Даже если бы это место оказалось грязным и стоило целое состояние, а еду подавали тараканы шестифутового роста, вряд ли меня бы это смутило. Я устал и был подавлен неприятными мыслями, вложенными Неттлсом мне в голову. Мне хотелось поскорее залезть в теплую постель и забыть обо всем.
Такси остановилось возле узкого дома, составлявшего часть широкой дуги Карлтон-Террас. Надпись над дверью извещала, что мы прибыли в «Дом Каледон». Вывеска в окне предупреждала, что это частный отель — термин, который я всегда считал несколько сомнительным.
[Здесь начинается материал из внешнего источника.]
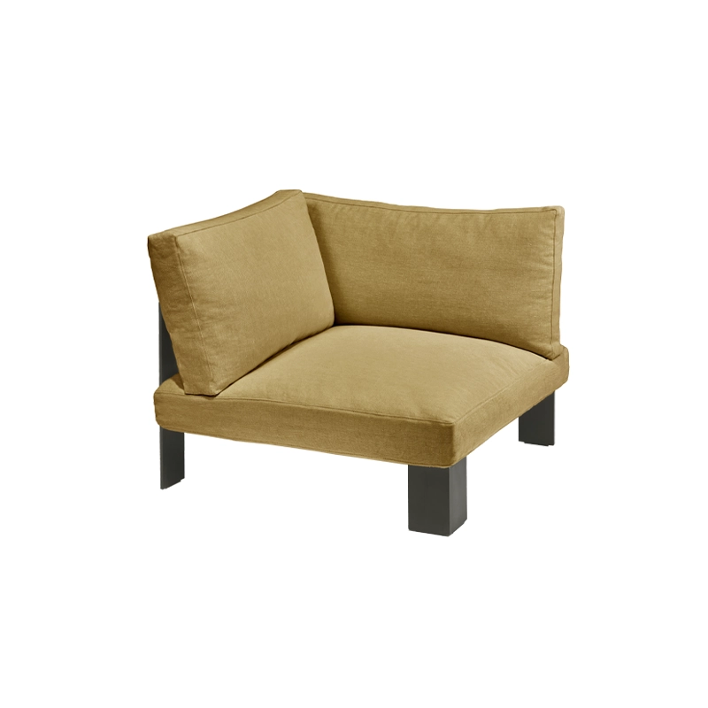 Conçue par la designer Bea Mombaers pour Serax, la collection de canapés Bench propose divers modules d'assise indépendants pour créer un espace de détente accueillant et modulable : des modules de canapé 1, 2 et 3 places ainsi qu'un ottoman repose-pieds. Intégré à l'ensemble de cette large collection Bench, le module d'angle offre une solution élégante et modulaire pour les intérieurs contemporains. Le module d'angle Bench est disponible en huit coloris dans des tons neutres et épurés permettant de s'harmoniser avec tous les styles de décoration intérieur et apporter une touche de sophistication. Chaque pièce est conçue en aluminium noir pour une maniabilité optimale et est dotée de coussins moelleux adaptés à un usage intérieur et extérieur. En combinant et configurant ces éléments modulaires, il est possible de créer un agencement de sièges personnalisé et flexible, parfaitement adapté à tous les espaces et à tous les besoins.
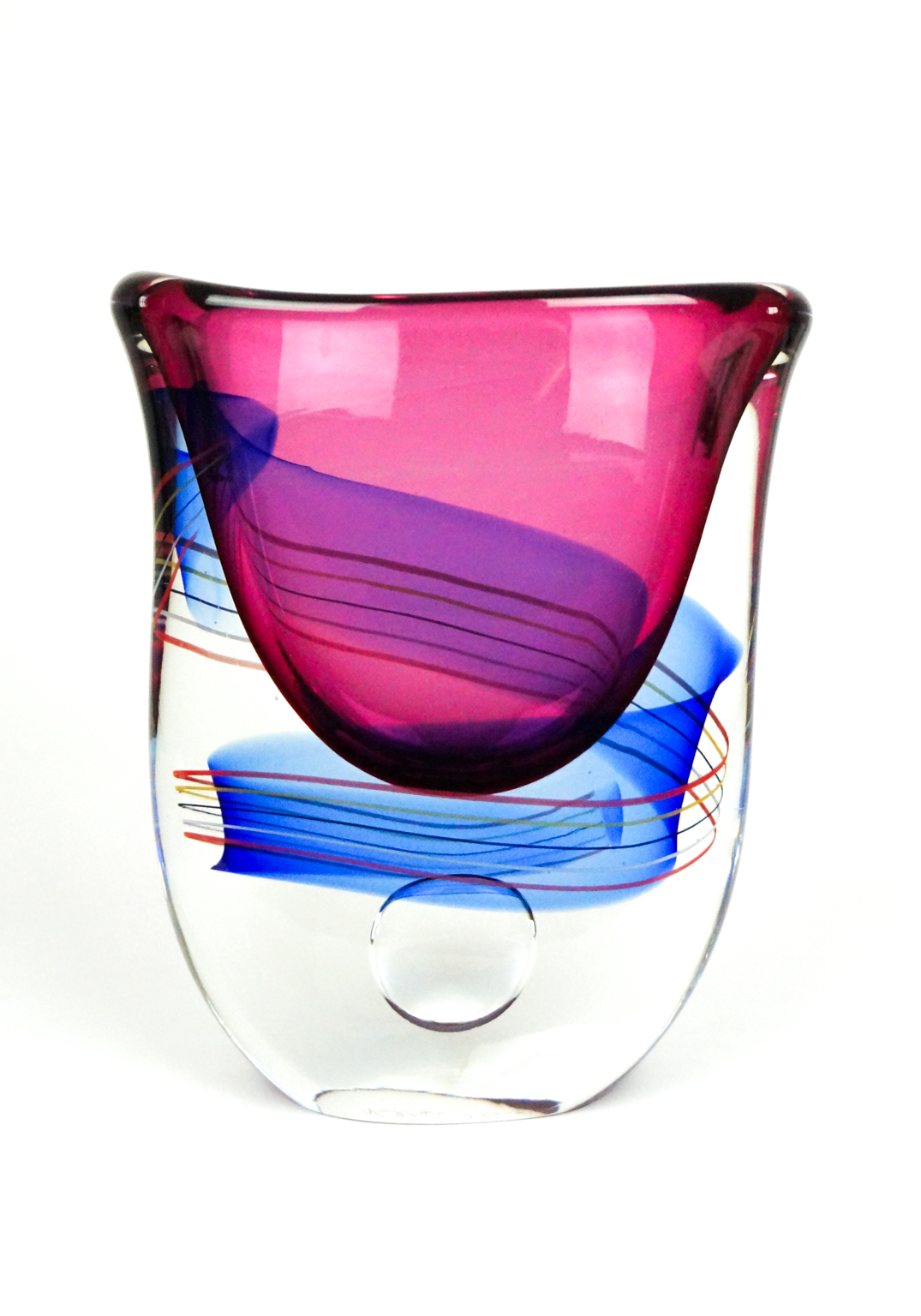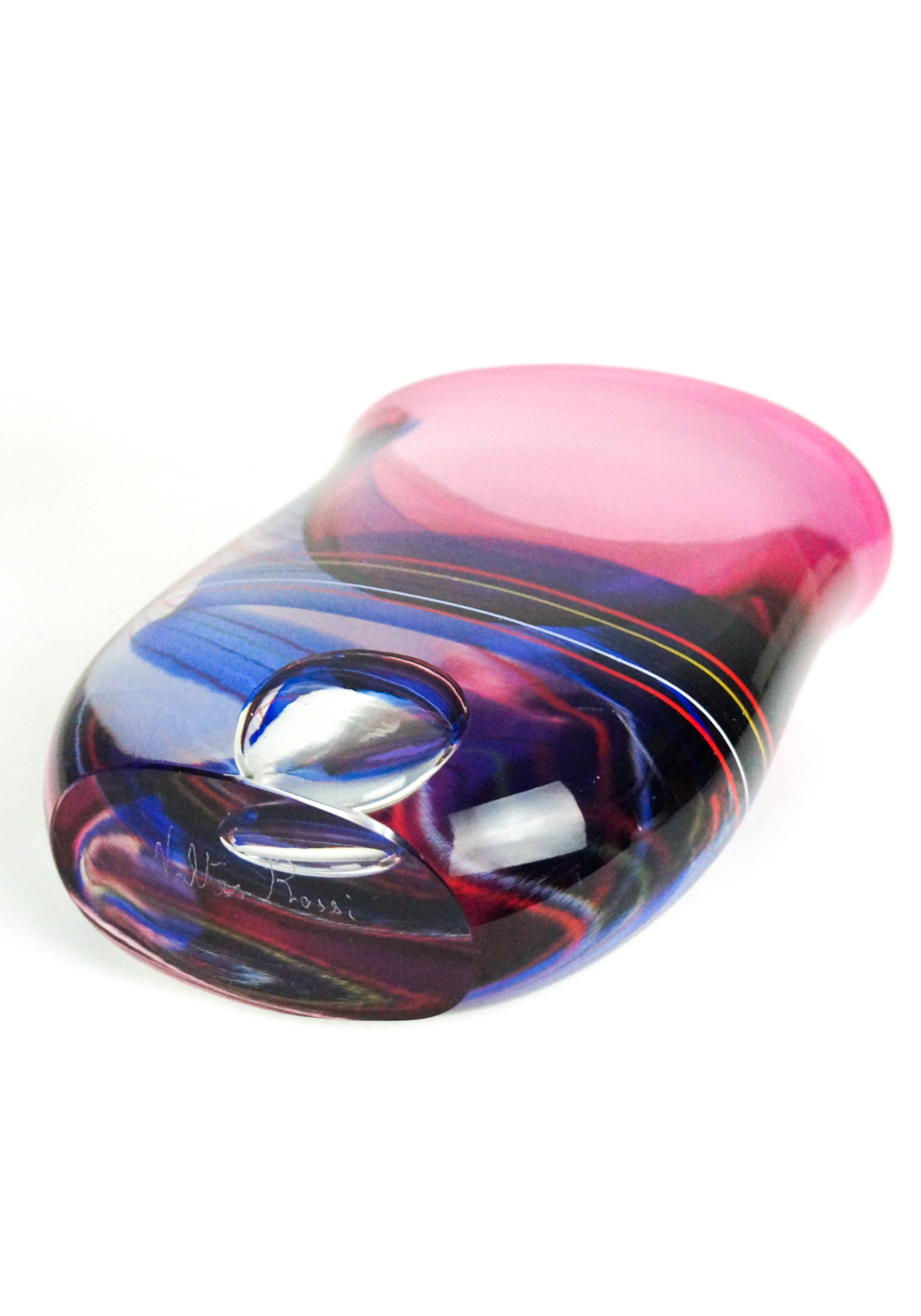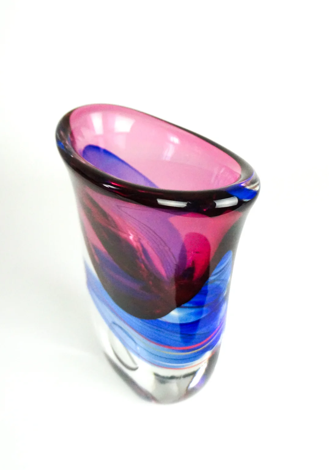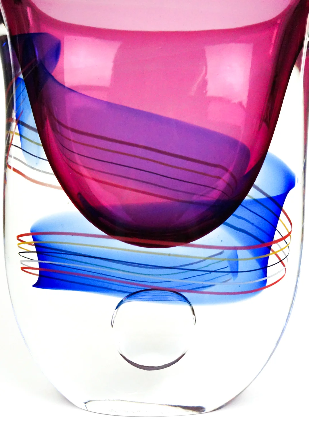 Exclusive Murano blown glass vase entirely handmade in thick, transparent crystal, ruby, blue color with colored filigree threads.

Мы вышли из машины и постояли возле входа.
— О да. По-моему, именно так. Идемте, — сказал он. — Нас ждет хозяйка миссус Дэлримпл.
— Профессор, а что будет дальше? — спросил я.
— Надеюсь, ужин. Я голоден, — ответил он. — Могу зубра съесть.
Хорошо, что хотя бы один из нас сохранил чувство юмора.
— Я не об ужине, — несколько раздраженно сказал я.
— Посмотрим, — сказал профессор, нетерпеливо потирая руки. — Сейчас поедем к Сербскому.
— Это ресторан такой? — поинтересовался я.
Так и случилось, что мы оказались возле пустого кирпичного здания в складском районе. На улицу не выходило ни одного окна, нигде не было вывески, или хотя бы наклейки VISA, как на приличном заведении общественного питания. Одинокая лампочка под ржавым железным колпаком освещала деревянную дверь. Медная дверная ручка почернела от времени. На косяке от руки белой краской было выведено число семьдесят семь, одна семерка над другой.
— Вы уверены, что это правильный адрес? — спросил я, глядя на темную улицу и уплывающие задние фонари нашего такси.
— То самое место, — ответил Неттлс, но, как мне показалось, не совсем уверенно. Он постучал в дверь костяшками пальцев, и мы стали ждать.
— По-моему, там вообще никого нет, профессор, — заметил я. — Может, пойдем куда-нибудь в другое место?
— Имейте терпение, Льюис. Вам понравится. Это именно то, что вам нужно.
Он снова постучал в дверь, на этот раз ладонью. Где-то вякнула кошка, поймавшая свой длиннохвостый обед. С ближней эстакады слышался шум колес пролетающих джаггернаутов. Они стремились куда-то к Форт-Бридж. Мы ждали. Было холодно и становилось все холоднее. Если я не хочу замерзнуть на пороге этого сарая, надо что-то придумать. Я уже открыл рот, намереваясь предложить минимальную программу, но тут по ту сторону двери послышалось какое-то царапанье. Дверь со скрипом приоткрылась. Через щель на нас посмотрел один глаз, после чего дверь мгновенно распахнулась, и бородатый великан бросился на нас с ревом: «Профессор!» Я быстро отступил назад, вскинув руки перед собой. Но бедный профессор попался. Мне показалось, что от объятий его позвоночник отчетливо похрустывает. Он даже пытался сопротивляться, однако гигант что-то рявкнул и расцеловал Неттлса в обе щеки. Я в отчаянии озирался. Где же эта полиция? Никогда ее нет, если она нужна.
Громила выпустил Неттлса и, к моему удивлению, оказалось, что профессор не так уж сильно пострадал. Он повернулся ко мне, поправляя пальто и ухмыляясь.
— Подходите, Льюис. Познакомьтесь с нашим хозяином!
Я осторожно подошел ближе. Великан ударил себя в гулкую грудь, как в бочку, и представился: «Я — Деймос!» Он протянул мне огромную руку.